EXERCISE GOAL: Every line of the listing below from the one with "1995年から発売された竿で" up to and including the one with "Matte Aqua CrystaL" should be retyped exactly, and nothing else; pictures are not part of the copy.

EXCERPTED DATA:

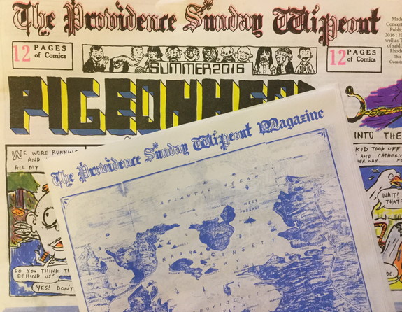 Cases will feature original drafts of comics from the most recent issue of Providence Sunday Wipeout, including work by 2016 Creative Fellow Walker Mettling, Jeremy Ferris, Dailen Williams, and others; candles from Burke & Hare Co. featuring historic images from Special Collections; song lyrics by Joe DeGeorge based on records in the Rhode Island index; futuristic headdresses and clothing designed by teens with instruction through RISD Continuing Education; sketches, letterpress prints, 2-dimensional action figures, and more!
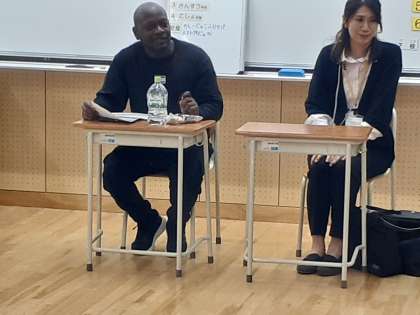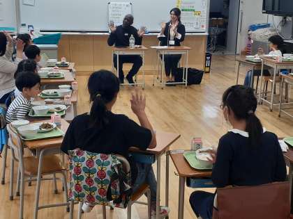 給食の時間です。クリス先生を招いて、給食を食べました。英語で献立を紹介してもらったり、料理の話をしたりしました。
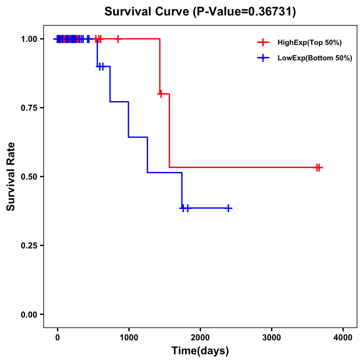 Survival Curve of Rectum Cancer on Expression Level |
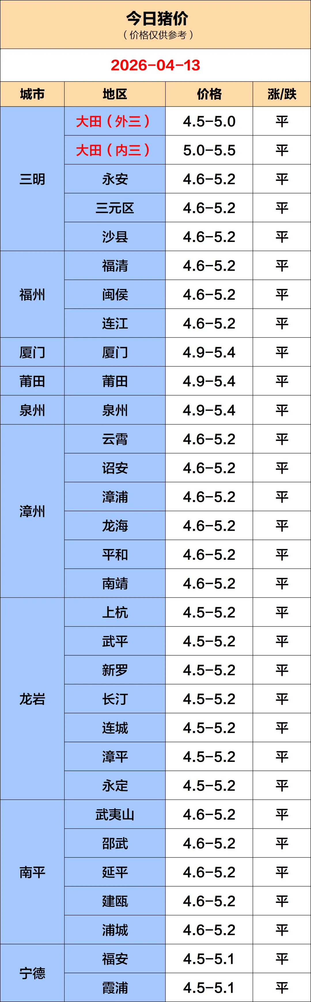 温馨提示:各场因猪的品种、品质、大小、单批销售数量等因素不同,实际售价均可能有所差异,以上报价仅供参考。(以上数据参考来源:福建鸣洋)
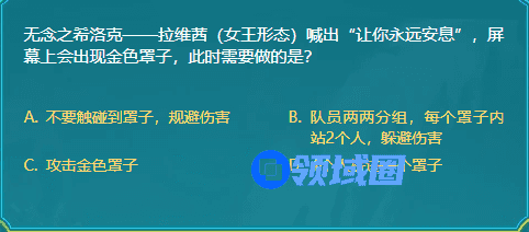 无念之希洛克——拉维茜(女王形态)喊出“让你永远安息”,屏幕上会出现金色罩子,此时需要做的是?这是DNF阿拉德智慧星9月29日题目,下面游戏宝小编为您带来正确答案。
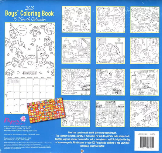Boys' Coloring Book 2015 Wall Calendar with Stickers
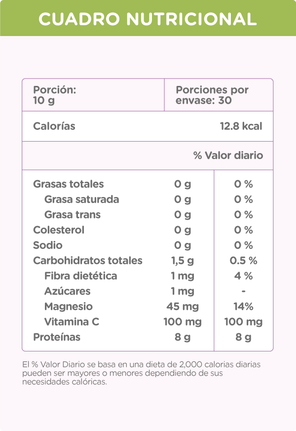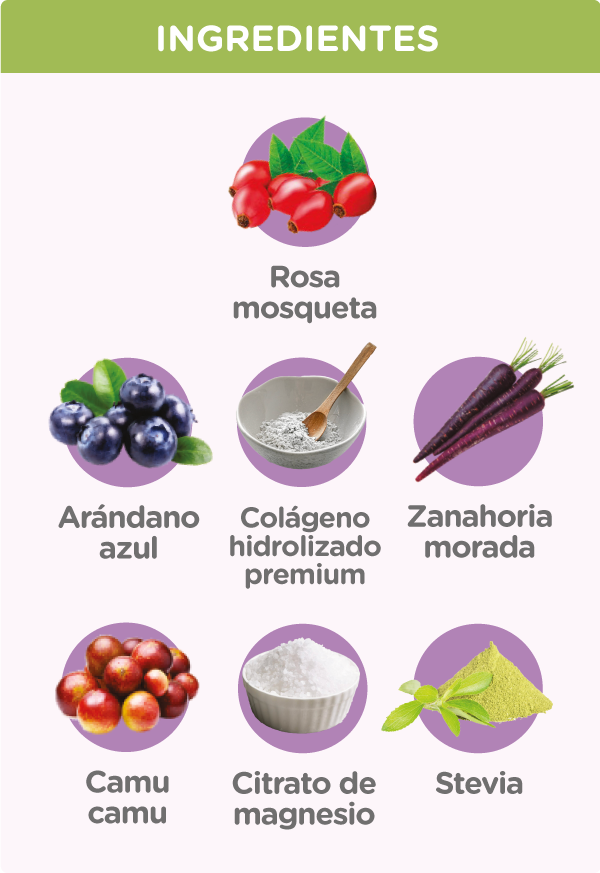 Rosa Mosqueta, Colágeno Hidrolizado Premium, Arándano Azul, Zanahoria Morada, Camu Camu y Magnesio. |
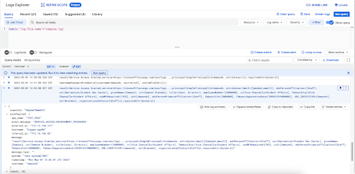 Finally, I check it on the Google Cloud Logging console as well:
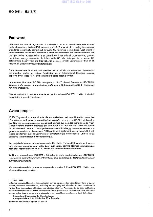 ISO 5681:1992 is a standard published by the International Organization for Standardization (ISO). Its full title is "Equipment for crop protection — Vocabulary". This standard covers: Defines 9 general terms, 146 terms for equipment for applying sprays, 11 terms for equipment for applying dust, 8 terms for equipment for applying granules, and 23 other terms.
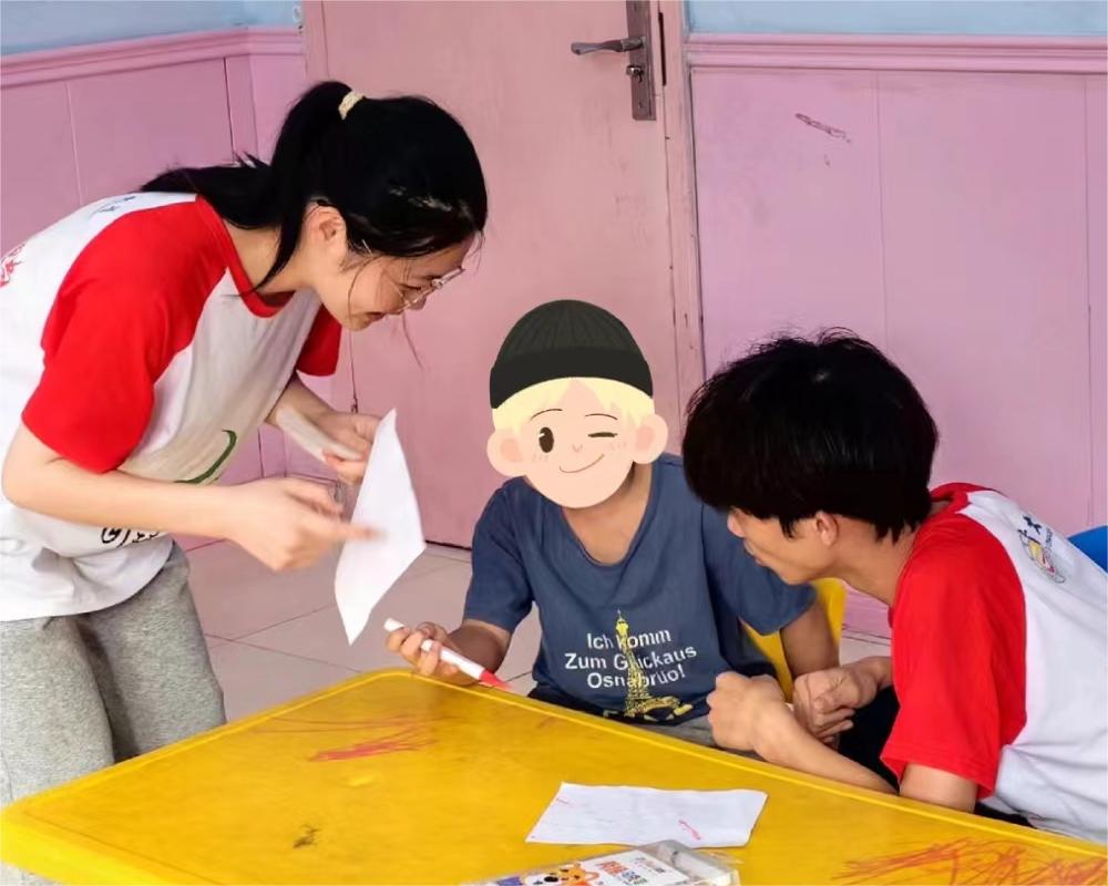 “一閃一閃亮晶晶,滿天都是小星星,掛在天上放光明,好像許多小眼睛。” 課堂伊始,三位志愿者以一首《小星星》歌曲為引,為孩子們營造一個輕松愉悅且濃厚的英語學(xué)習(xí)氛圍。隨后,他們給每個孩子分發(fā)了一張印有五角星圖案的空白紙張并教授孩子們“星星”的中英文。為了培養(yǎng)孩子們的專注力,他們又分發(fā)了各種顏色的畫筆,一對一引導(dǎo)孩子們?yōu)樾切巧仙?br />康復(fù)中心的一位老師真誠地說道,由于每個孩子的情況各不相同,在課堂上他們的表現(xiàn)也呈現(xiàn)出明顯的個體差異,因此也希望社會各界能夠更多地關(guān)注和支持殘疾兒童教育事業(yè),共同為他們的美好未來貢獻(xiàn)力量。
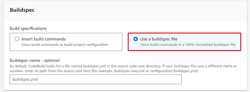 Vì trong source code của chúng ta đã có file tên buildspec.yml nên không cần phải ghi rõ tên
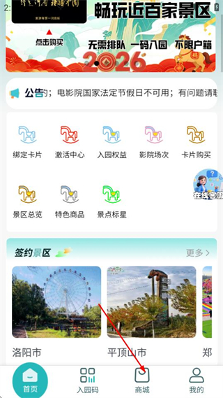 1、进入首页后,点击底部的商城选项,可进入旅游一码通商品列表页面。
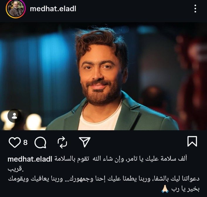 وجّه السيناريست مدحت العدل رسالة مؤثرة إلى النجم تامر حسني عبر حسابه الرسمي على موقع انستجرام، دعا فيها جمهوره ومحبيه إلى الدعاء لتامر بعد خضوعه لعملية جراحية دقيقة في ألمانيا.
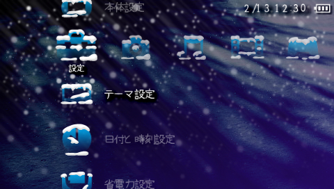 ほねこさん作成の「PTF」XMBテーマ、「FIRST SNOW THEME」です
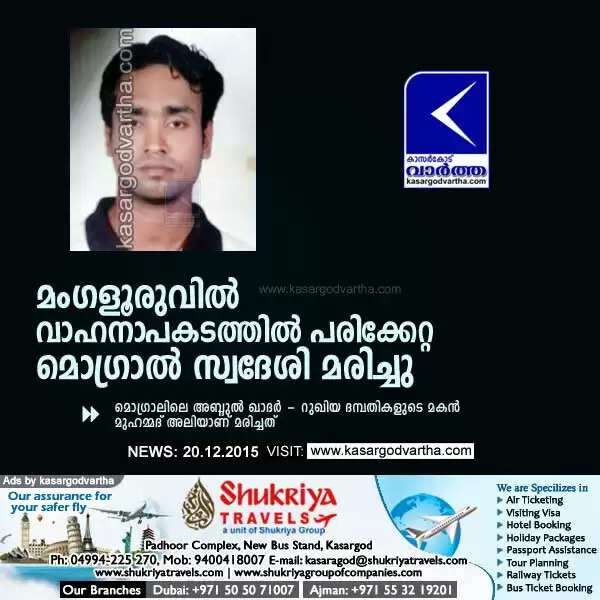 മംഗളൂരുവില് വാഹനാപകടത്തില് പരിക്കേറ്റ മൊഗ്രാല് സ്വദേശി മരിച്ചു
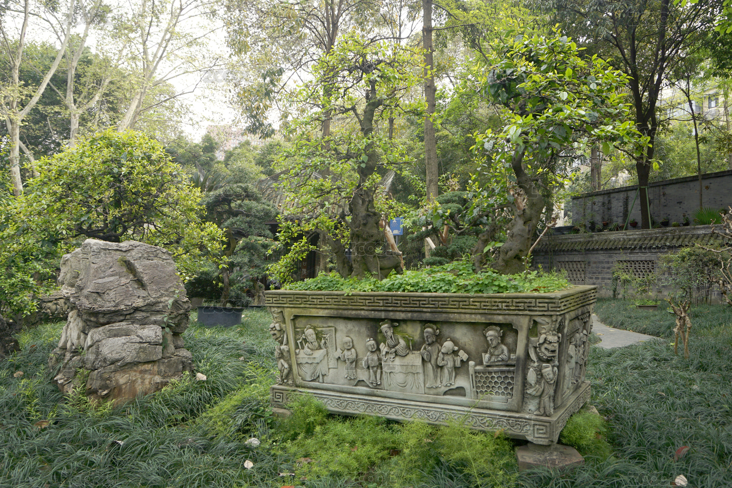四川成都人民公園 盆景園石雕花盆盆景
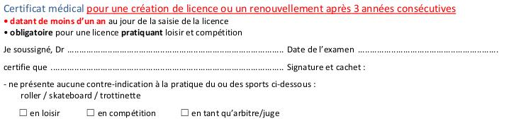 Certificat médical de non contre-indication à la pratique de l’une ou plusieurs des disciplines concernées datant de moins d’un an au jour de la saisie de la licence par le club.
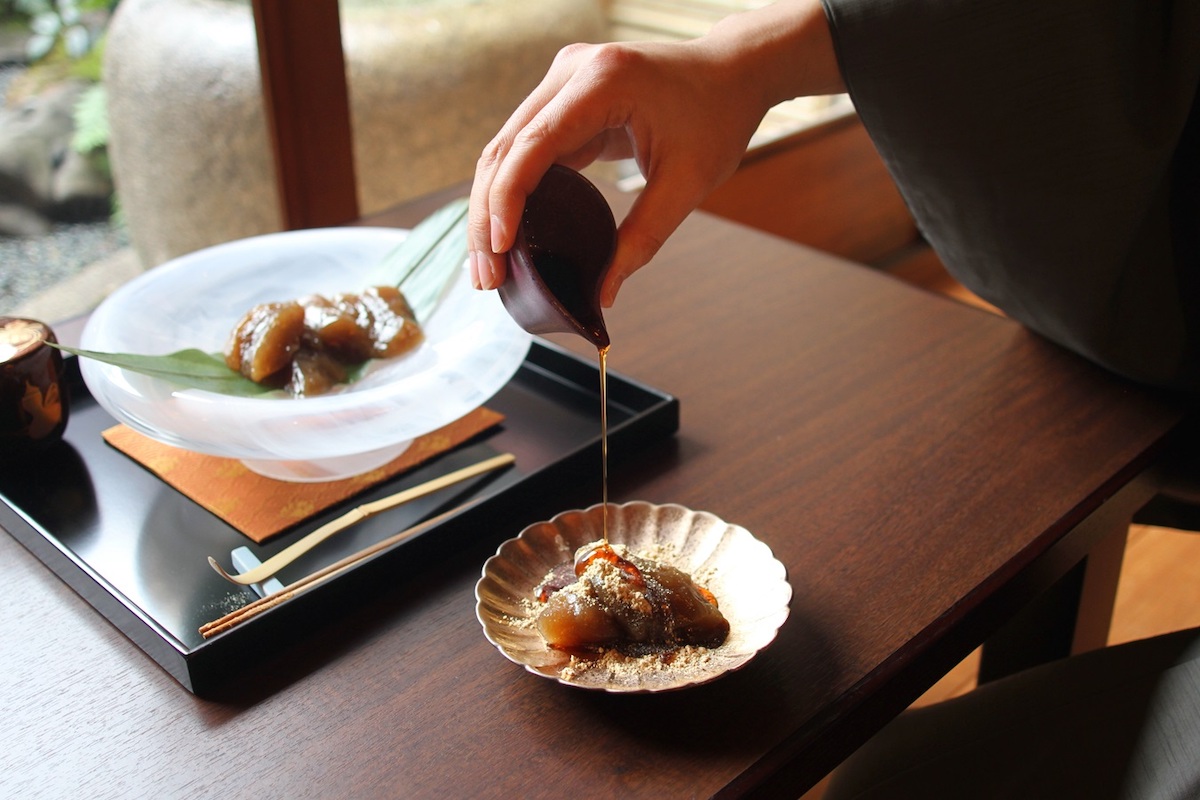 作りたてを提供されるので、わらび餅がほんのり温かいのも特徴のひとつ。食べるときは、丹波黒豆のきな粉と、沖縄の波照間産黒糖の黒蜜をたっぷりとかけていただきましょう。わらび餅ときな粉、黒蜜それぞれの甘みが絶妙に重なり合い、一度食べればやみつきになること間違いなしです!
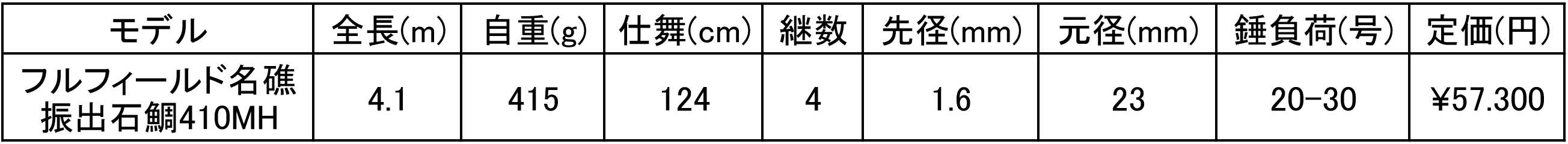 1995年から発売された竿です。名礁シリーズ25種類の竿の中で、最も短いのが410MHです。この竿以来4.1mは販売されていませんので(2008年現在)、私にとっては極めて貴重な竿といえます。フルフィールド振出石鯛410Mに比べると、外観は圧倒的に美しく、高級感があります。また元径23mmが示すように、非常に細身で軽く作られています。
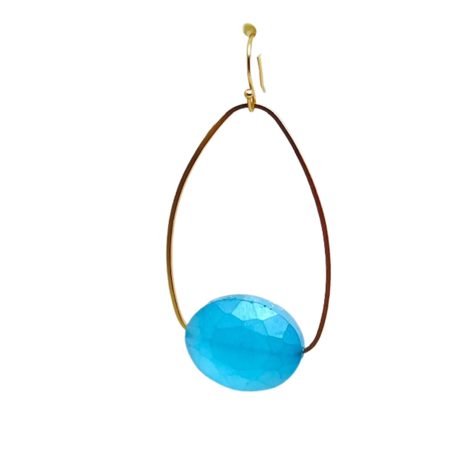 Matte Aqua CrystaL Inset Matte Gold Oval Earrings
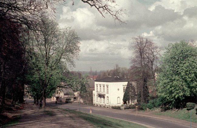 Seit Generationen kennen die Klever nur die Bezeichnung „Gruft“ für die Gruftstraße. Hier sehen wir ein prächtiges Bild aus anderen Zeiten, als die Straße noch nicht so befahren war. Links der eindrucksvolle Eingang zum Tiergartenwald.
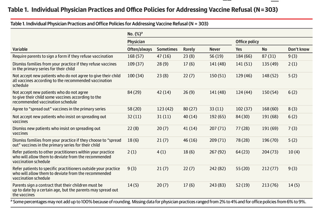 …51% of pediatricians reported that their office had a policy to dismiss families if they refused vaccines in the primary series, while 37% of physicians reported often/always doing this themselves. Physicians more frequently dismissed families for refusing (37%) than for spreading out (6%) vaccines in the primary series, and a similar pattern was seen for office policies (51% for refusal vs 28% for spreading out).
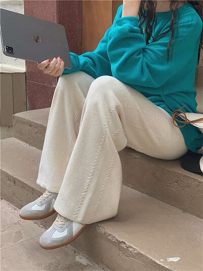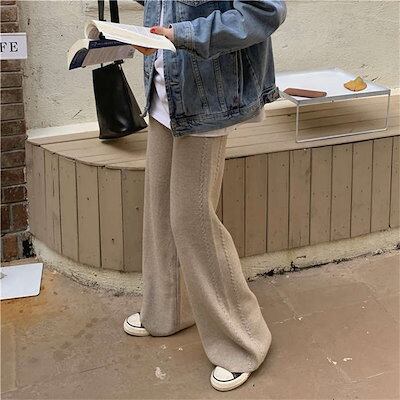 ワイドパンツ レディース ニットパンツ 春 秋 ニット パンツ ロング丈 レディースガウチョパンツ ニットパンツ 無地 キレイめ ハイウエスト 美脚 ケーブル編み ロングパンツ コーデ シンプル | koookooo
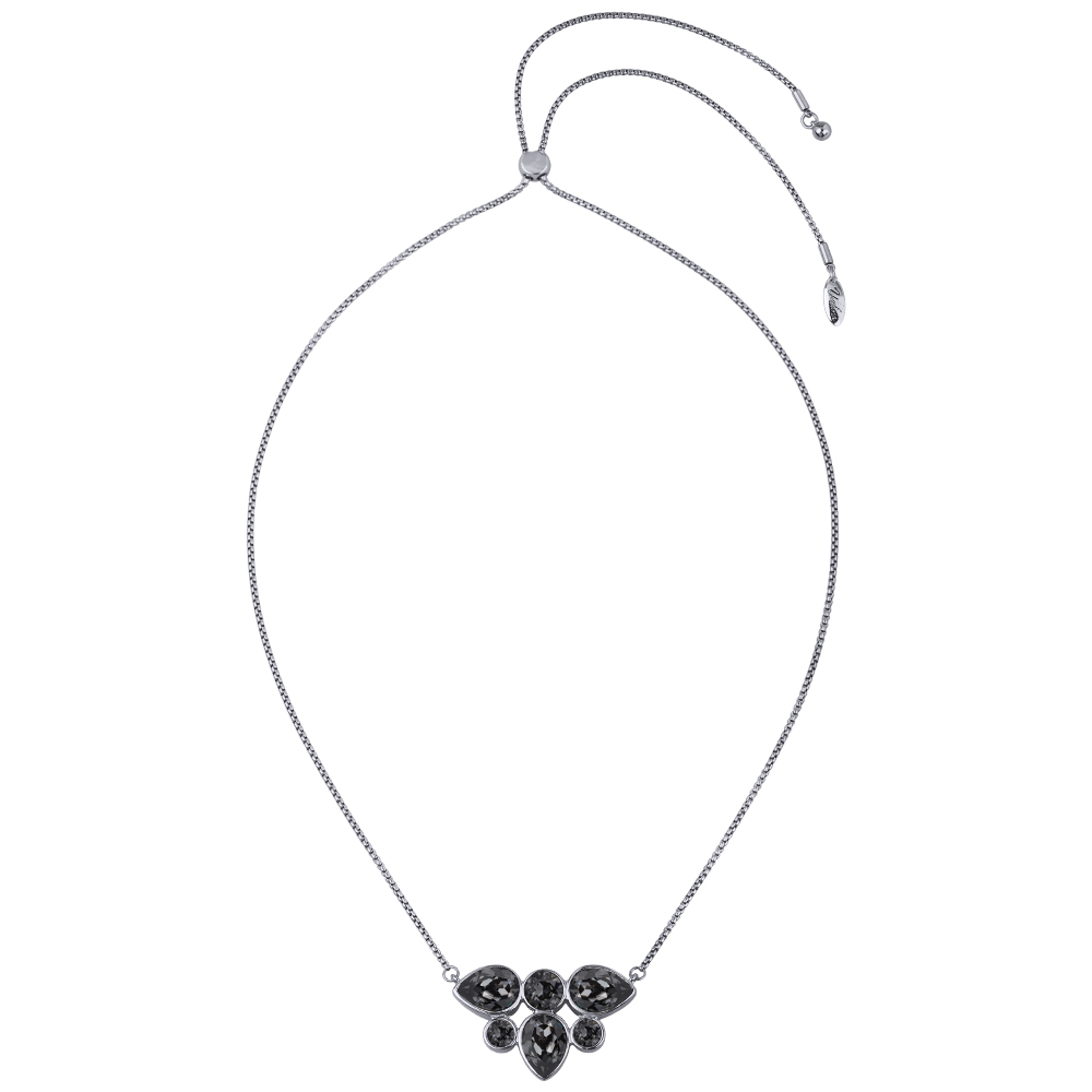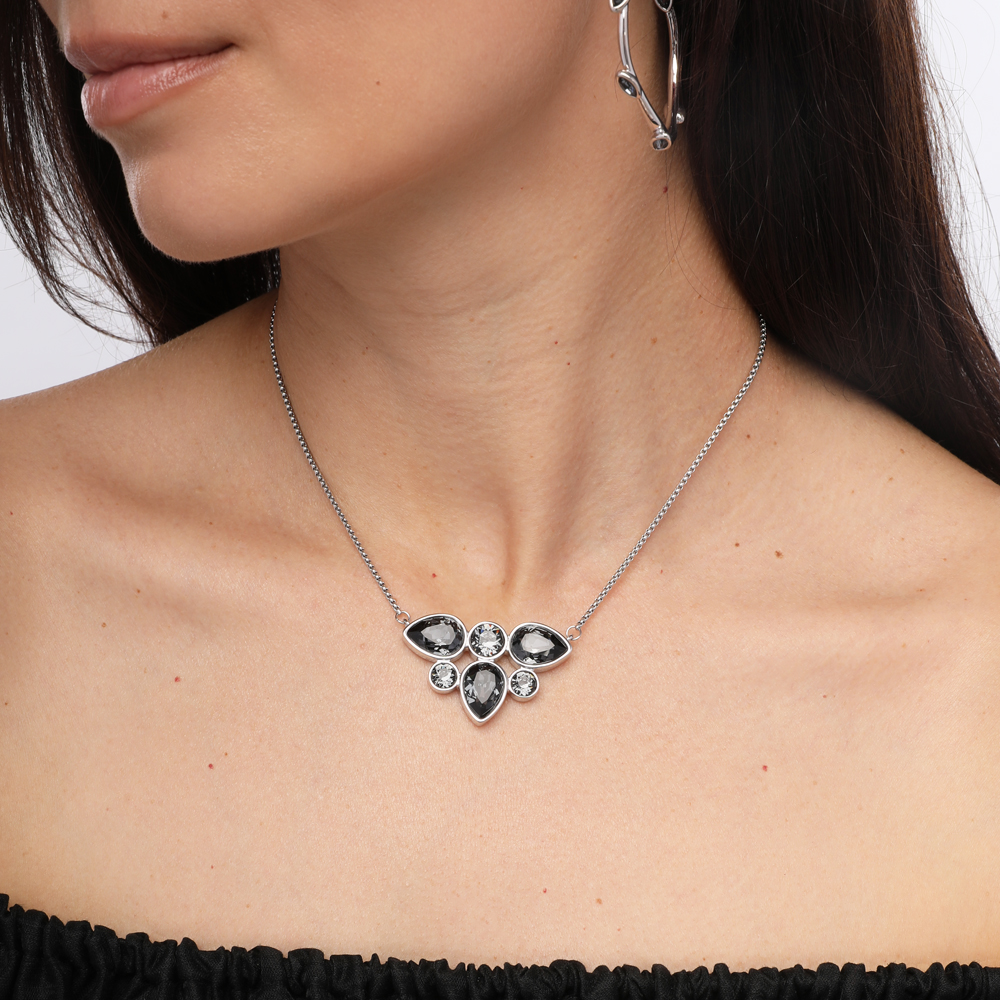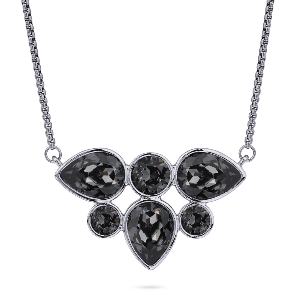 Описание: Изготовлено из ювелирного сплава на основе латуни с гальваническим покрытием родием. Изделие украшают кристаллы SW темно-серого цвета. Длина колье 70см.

RESPONSE TO THE TASK:
 1995年から発売された竿です。名礁シリーズ25種類の竿の中で、最も短いのが410MHです。この竿以来4.1mは販売されていませんので(2008年現在)、私にとっては極めて貴重な竿といえます。フルフィールド振出石鯛410Mに比べると、外観は圧倒的に美しく、高級感があります。また元径23mmが示すように、非常に細身で軽く作られています。
 Matte Aqua CrystaL Inset Matte Gold Oval Earrings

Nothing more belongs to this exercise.